Enhance role of ports in the sustainability transition of the Blue Economy, from playing a stronger role in circular economy to accelerating adoption of autonomous vessels.

CHALLENGES

  • ADVANCING AUTONOMOUS OPERATIONS:

Ports are hot spots of economic activity with plenty of operations on water, quays and industry. Many of such operations and transport activities will increasingly become more automated and autonomous.How might we identify key infrastructure and services that ports and their ecosytems would need to accommodate autonomous activities at scale, and facilitate future development of autonomous activities?

  • PORTS AS CIRCULARITY HUBS:

Resource scarcity & rising cost, waste generation, all inherent to the linear economy model are increasingly exposing limits of the current consumption model.

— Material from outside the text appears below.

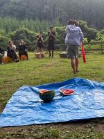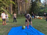 スイカ割りの始まりです目隠しをしてほかの人たちの指示に従ってスイカを割りに行きます

Shifting to re-using, re-cycling of materials will involve a substantial change in regional & local material flows across waterways and coastal seas, giving ports & waterways an opportunity to play a substantial role in circular economy and generating new revenues.How might we identify early opportunities for ports & waterways to accommodate these circular material flows?

Energy Transition

Tackle energy storage and utilisation offshore as well as offshore-land connectors. Improve grid stability,  develop multi actor zones (integrating wind farms, aquaculture …) and work on getting ready for hydrogen!

CHALLENGES:

  • SHIPPING NEW MOLECULES

Belgium and other Western European countries can’t generate green energy in the quantities needed, meaning that we need to look into more solutions. At the same time, the incentives are not lining up yet for major business to start make a shift to new energy sources.How might we set off the chain reaction for transition of the current – classic – fuel-shipping fleet to transport new kinds of energy-carrying molecules?

  • NOVEL ENERGY STORAGE

Next to renewable energy generation, energy storage is crucial for the energy transition, to make renewable energy consistently available.How & where might we accelerate experimentation with energy storage solutions like hydrogen and novel batteries for the needs of the maritime industry?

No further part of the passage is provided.